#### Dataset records

= Beginning of Section =

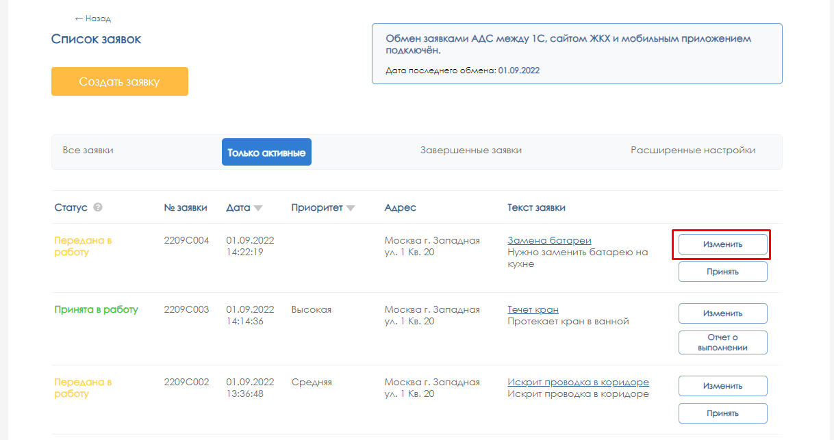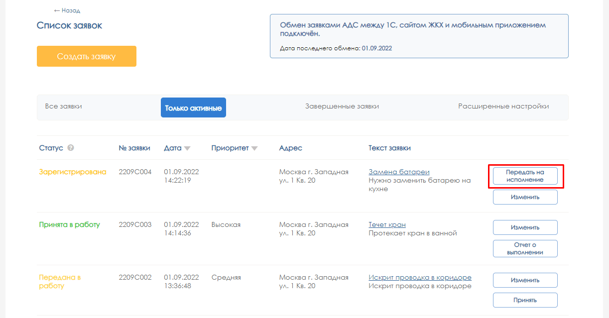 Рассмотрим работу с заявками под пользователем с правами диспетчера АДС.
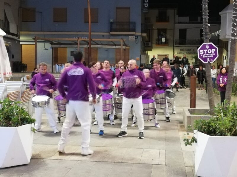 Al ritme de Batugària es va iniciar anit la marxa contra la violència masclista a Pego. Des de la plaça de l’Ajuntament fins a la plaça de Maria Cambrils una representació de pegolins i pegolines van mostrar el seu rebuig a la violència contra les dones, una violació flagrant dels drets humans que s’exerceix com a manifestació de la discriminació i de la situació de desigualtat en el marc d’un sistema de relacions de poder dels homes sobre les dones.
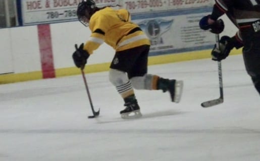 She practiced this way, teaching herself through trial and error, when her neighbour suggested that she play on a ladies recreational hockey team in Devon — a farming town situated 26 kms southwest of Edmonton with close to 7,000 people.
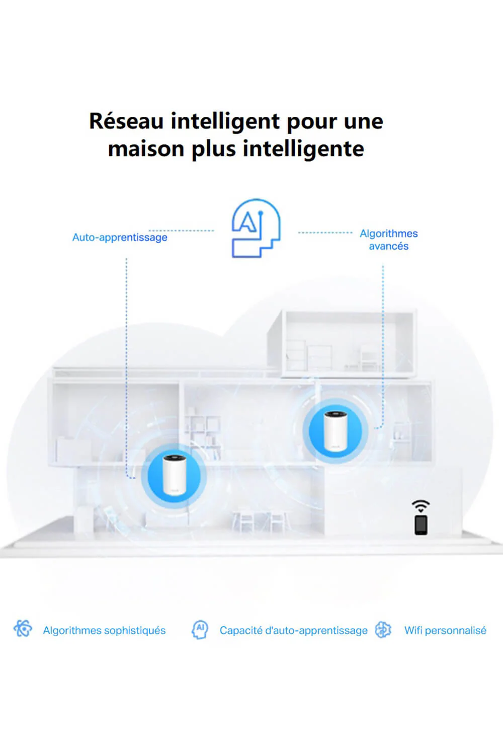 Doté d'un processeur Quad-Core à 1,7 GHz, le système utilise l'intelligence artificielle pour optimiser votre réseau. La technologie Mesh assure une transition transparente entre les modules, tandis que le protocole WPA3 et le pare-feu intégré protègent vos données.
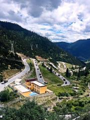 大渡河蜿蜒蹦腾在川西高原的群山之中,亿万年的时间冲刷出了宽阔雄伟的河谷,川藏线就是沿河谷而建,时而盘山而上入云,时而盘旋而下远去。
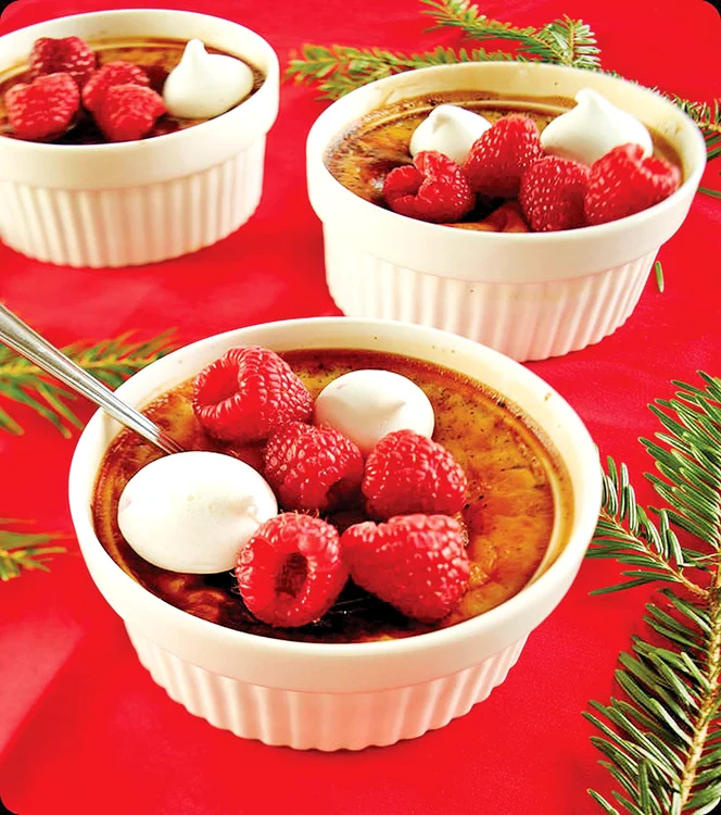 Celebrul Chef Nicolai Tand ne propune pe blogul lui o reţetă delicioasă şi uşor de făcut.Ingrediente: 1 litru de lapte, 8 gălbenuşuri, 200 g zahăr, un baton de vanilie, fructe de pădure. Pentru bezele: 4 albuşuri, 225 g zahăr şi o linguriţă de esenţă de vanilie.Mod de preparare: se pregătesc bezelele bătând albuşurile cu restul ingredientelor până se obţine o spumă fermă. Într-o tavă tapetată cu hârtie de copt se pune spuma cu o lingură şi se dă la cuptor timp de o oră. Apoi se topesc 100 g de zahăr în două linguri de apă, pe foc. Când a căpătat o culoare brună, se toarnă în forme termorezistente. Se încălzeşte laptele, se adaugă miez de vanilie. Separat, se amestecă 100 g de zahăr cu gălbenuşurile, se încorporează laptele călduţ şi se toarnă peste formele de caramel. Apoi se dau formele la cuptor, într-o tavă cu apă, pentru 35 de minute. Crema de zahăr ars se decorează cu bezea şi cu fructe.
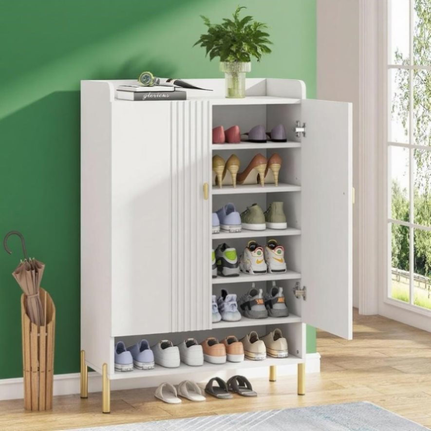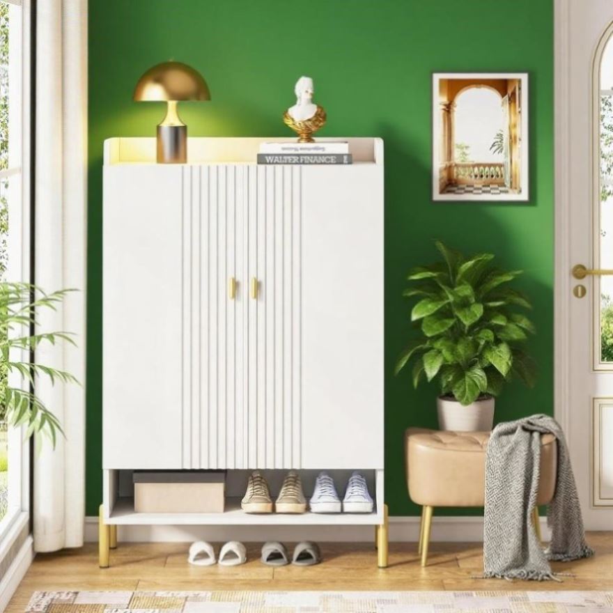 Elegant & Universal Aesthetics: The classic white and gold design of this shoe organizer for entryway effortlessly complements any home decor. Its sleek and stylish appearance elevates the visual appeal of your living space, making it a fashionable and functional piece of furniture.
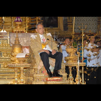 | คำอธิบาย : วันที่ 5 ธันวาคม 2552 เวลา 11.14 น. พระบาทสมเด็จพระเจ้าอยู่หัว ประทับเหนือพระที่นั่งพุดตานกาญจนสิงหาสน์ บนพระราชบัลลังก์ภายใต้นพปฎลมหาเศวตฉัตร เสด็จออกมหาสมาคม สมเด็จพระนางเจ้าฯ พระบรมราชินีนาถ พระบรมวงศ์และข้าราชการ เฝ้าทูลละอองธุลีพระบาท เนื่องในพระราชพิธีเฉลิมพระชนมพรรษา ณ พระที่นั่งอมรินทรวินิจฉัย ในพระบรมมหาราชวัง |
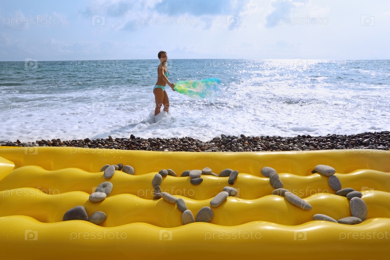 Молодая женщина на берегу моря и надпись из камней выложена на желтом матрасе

= End of Section =

#### Problem requirements
Should there be pictures in the data, leave them out and return the rest exactly.

#### Response box
 Рассмотрим работу с заявками под пользователем с правами диспетчера АДС.
 Al ritme de Batugària es va iniciar anit la marxa contra la violència masclista a Pego. Des de la plaça de l’Ajuntament fins a la plaça de Maria Cambrils una representació de pegolins i pegolines van mostrar el seu rebuig a la violència contra les dones, una violació flagrant dels drets humans que s’exerceix com a manifestació de la discriminació i de la situació de desigualtat en el marc d’un sistema de relacions de poder dels homes sobre les dones.
 She practiced this way, teaching herself through trial and error, when her neighbour suggested that she play on a ladies recreational hockey team in Devon — a farming town situated 26 kms southwest of Edmonton with close to 7,000 people.
 Doté d'un processeur Quad-Core à 1,7 GHz, le système utilise l'intelligence artificielle pour optimiser votre réseau. La technologie Mesh assure une transition transparente entre les modules, tandis que le protocole WPA3 et le pare-feu intégré protègent vos données.
 大渡河蜿蜒蹦腾在川西高原的群山之中,亿万年的时间冲刷出了宽阔雄伟的河谷,川藏线就是沿河谷而建,时而盘山而上入云,时而盘旋而下远去。
 Celebrul Chef Nicolai Tand ne propune pe blogul lui o reţetă delicioasă şi uşor de făcut.Ingrediente: 1 litru de lapte, 8 gălbenuşuri, 200 g zahăr, un baton de vanilie, fructe de pădure. Pentru bezele: 4 albuşuri, 225 g zahăr şi o linguriţă de esenţă de vanilie.Mod de preparare: se pregătesc bezelele bătând albuşurile cu restul ingredientelor până se obţine o spumă fermă. Într-o tavă tapetată cu hârtie de copt se pune spuma cu o lingură şi se dă la cuptor timp de o oră. Apoi se topesc 100 g de zahăr în două linguri de apă, pe foc. Când a căpătat o culoare brună, se toarnă în forme termorezistente. Se încălzeşte laptele, se adaugă miez de vanilie. Separat, se amestecă 100 g de zahăr cu gălbenuşurile, se încorporează laptele călduţ şi se toarnă peste formele de caramel. Apoi se dau formele la cuptor, într-o tavă cu apă, pentru 35 de minute. Crema de zahăr ars se decorează cu bezea şi cu fructe.
 Elegant & Universal Aesthetics: The classic white and gold design of this shoe organizer for entryway effortlessly complements any home decor. Its sleek and stylish appearance elevates the visual appeal of your living space, making it a fashionable and functional piece of furniture.
 | คำอธิบาย : วันที่ 5 ธันวาคม 2552 เวลา 11.14 น. พระบาทสมเด็จพระเจ้าอยู่หัว ประทับเหนือพระที่นั่งพุดตานกาญจนสิงหาสน์ บนพระราชบัลลังก์ภายใต้นพปฎลมหาเศวตฉัตร เสด็จออกมหาสมาคม สมเด็จพระนางเจ้าฯ พระบรมราชินีนาถ พระบรมวงศ์และข้าราชการ เฝ้าทูลละอองธุลีพระบาท เนื่องในพระราชพิธีเฉลิมพระชนมพรรษา ณ พระที่นั่งอมรินทรวินิจฉัย ในพระบรมมหาราชวัง |
 Молодая женщина на берегу моря и надпись из камней выложена на желтом матрасе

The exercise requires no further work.